Making a potato clock is no different from assembling Mr. Potato Head unless you’re also getting a lesson in chemistry, and even then, it’s like freezing your tongue to the flagpole: everybody tries it once before getting too large to sit on the teeter-totters. So if little girls are Amram’s target age group, then hitching a “sexy” intro to this kind of content is really off the mark. And if the series is hoping to convince Cosmo girls that “sexy science” is a thing, then, bluntly, it would have a lot more success if the Norse god of thunder, Thor, was her co-host. He thinks lady scientists are hot.

Yes, I get that Amram’s show is supposed to be a parody of sexist stereotypes clinging to women in the sciences, and I really wanted to like this effort. But not only is the objective—“sexy science!”—depressingly confused about the impediments discouraging girls from pursuing STEM, “science” is not, in fact, sexed up when brainy women turn themselves into bimbos (even with a knowing wink). All that accomplishes is the reinforcement of negative stereotypes, in the manner of Bond girls Holly Goodhead (Lois Chiles), astronaut and rocket scientist, and Christmas Jones (Denise Richards), nuclear physicist, both of whom have gone down in the annals of movie history as two of the most cringe-worthy female foils in the franchise, with Dr. Jones topping the "worst" list.

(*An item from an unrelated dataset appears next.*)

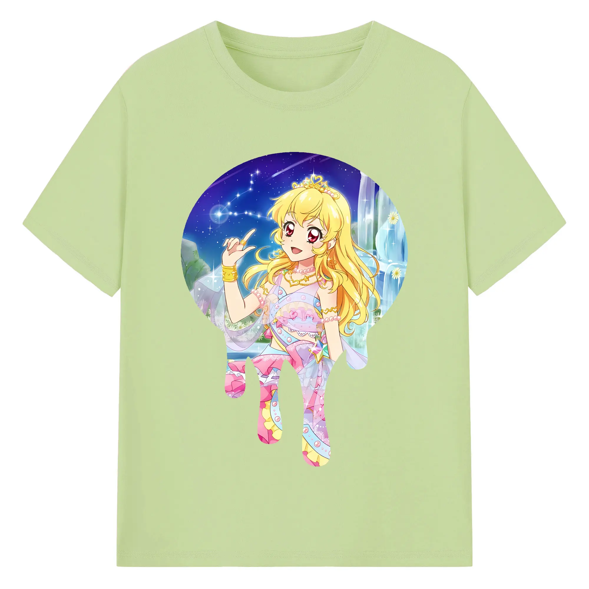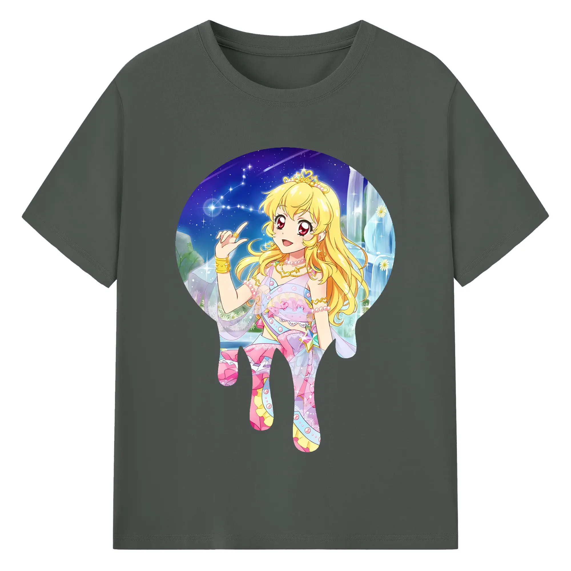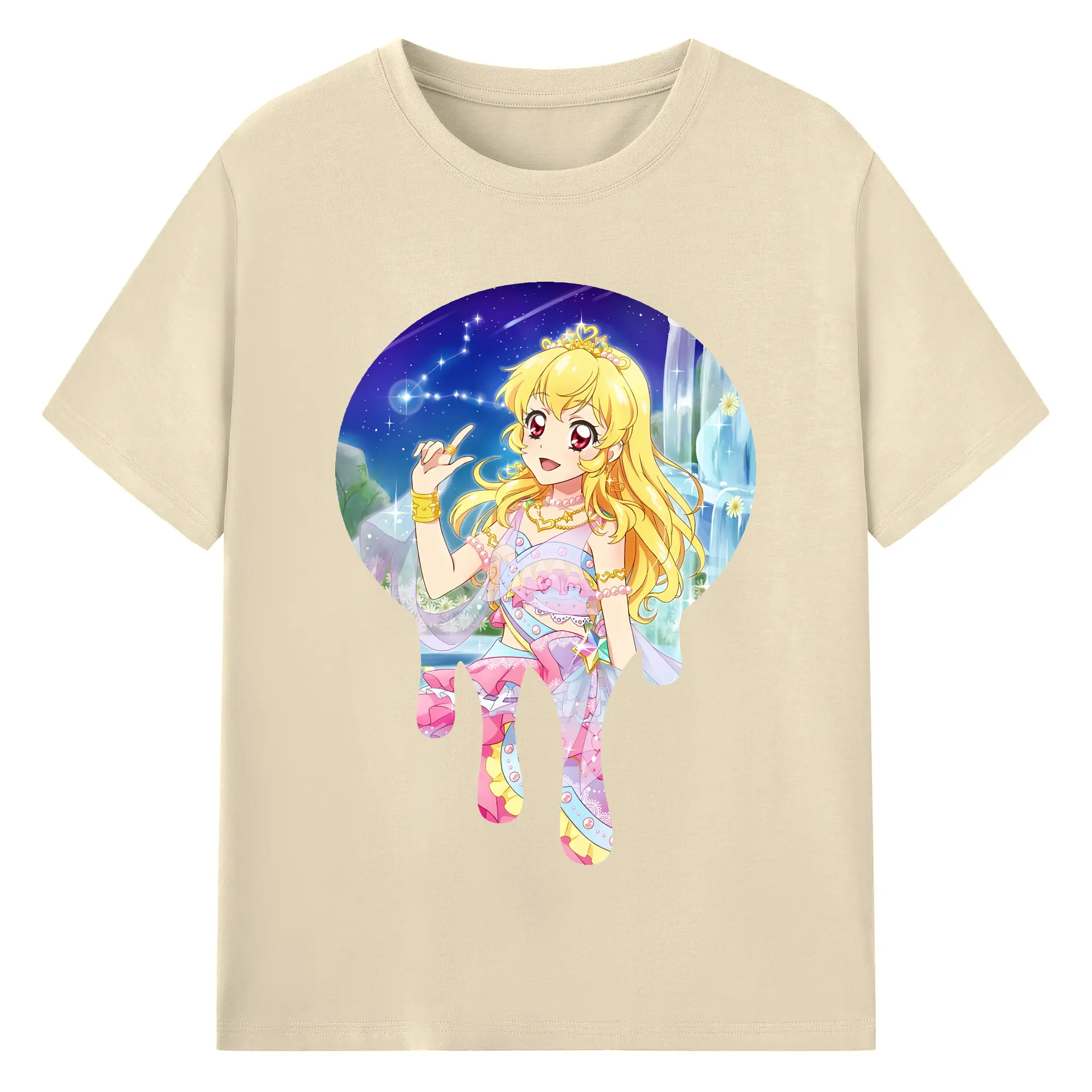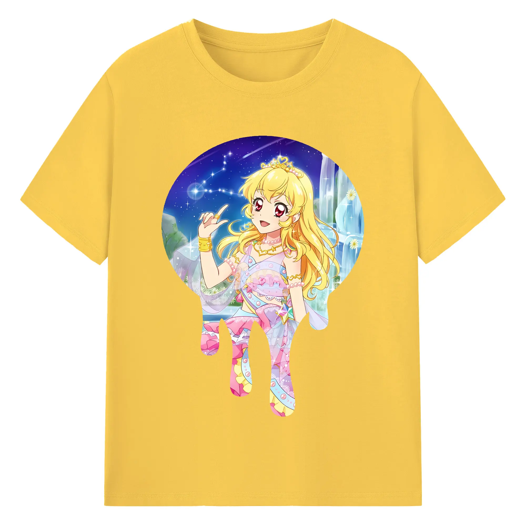 アイカツ グッズ 星宮 いちご - 綿100% ヴィンテージ風 半袖Tシャツ ・ フロントプリント ・ 柔らか肌触り ・ 通気性 快適 ・ スポーツ カジュアル 外出用

Amram’s first guest is Beverley McKeon, professor of aeronautics and current director of the Graduate Aerospace Laboratories at the California Institute of Technology — in pop culture terms, the school where the fictional boys from “Big Bang Theory” teach. By any metric, McKeon’s accomplishments are remarkable, but even more so because she is a woman in a one of the most male-dominated of fields. And yet, when Amram interviewed her, their dynamic played so much like a scene from “Idiocracy” that I kept on expecting Amram to roll her eyes at the camera and mouth the words, “This is soooo boring! (tee hee, don’t you get it? I’m being ironic!),” whenever McKeon started talking about the physics of fluid dynamics, known in everyday parlance as the “drag co-efficient.”

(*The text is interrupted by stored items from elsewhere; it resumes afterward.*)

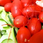 トマトも色鮮やかで良い。我が家で別途買っている、コストコに売っているグレープトマトが使用されていると思われる。一般的なプチトマトと比較して食感がしっかりしていて噛みごたえがあり、プチトマトにありがちな「プチュッ……ジュルジュル……」というぬるっと感がなく、「シュパッ」としていて食べやすい。伝わるのか、これ?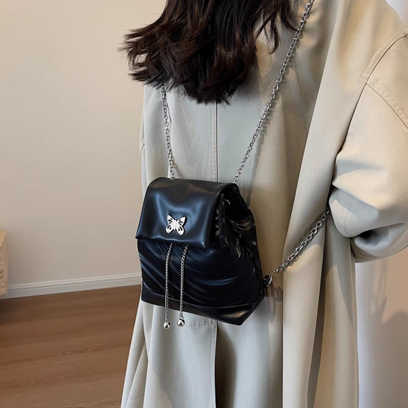 Tas Ransel Wanita Korea Style Slingbag Ringan dengan Tali Rantai dan Motif Kupu-Kupu untuk Daily Use atau Travel DMTS154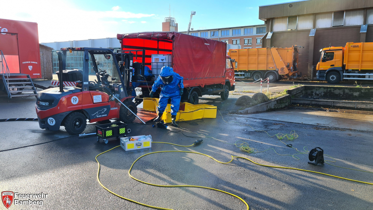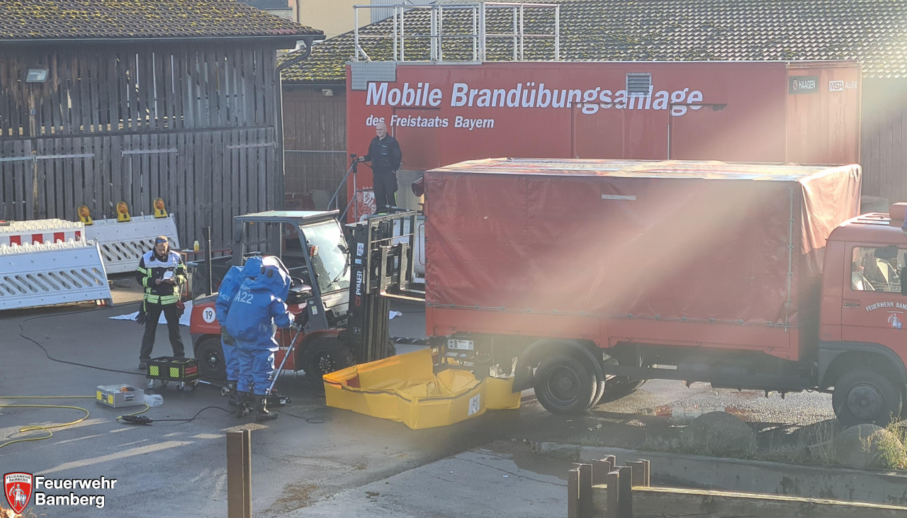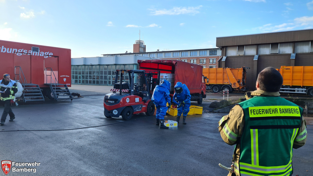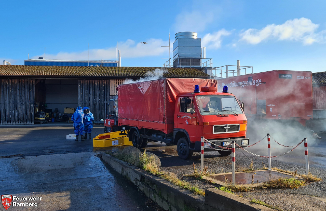 Im Rahmen der heutigen Einsatzübung auf dem Gelände der Bamberger Service Betriebe und der Ständigen Wache wurde geprobt, ob die einzelnen Stationen, die im Zuge der Neuanschaffung des Gerätewagen Gefahrgut (GW-G) im Einzelnen beübt wurden, in einem realistisch dargestellten Szenario auch miteinander harmonieren und Hand in Hand laufen.

Now, anyone who has written humor can spot three potential jokes in this last sentence, and I’ll bet that sharp readers will pick them right up. Comedically speaking, it is also the case that there is nothing intrinsically wrong with interviewing serious people while pretending to be clueless. For example, if your guest is not only in on the joke, but also a politician who enjoys being in the spotlight, this set-up can totally work. Unfortunately, very few world-class scientists are also hams for the camera. Nobel Prize winner Richard Feynman was one. Primatologist Jane Goodall is another, but even Jon Stewart didn’t try to be “funny” with her. He deferred to her awesomeness, and gave her plenty of space to charm the audience using her own, inimical ape-language words.

This is just a long-winded way of saying that certain lines cannot be crossed without venturing out of the “ha-ha” zone. (History buffs will catch the joke here.) To be sure, Amram isn’t citing Stewart but Stephen Colbert’s faux conservative persona as her comedic inspiration, and her put-on of a big-eyed, vacuous perky host mostly reminds me of the routine Gretchen Carlson used to perform on “Fox & Friends.” A former beauty queen, Carlson is a graduate of Stanford University, which recently punted Harvard out of the number one spots in the categories of most selective and most desirable college in the U.S. Yet Carlson regularly pretended, with dramatic huffs of outrage at pretentious liberal elites, that she didn’t understand what words such as “ignoramus” meant. I ask you: how is Carlson's act not a meta comedy routine?

Amram’s opening line: "I love science, but I also love looking good. I went to Harvard. Let’s begin!” emerges straight from that faux bobble-head vein, which says more about the pressures on her, a young female comedian, to be sexually appealing (in a nonthreatening, gender-conforming, heteronormative way), than it does about structural barriers discouraging women from majoring in STEM fields.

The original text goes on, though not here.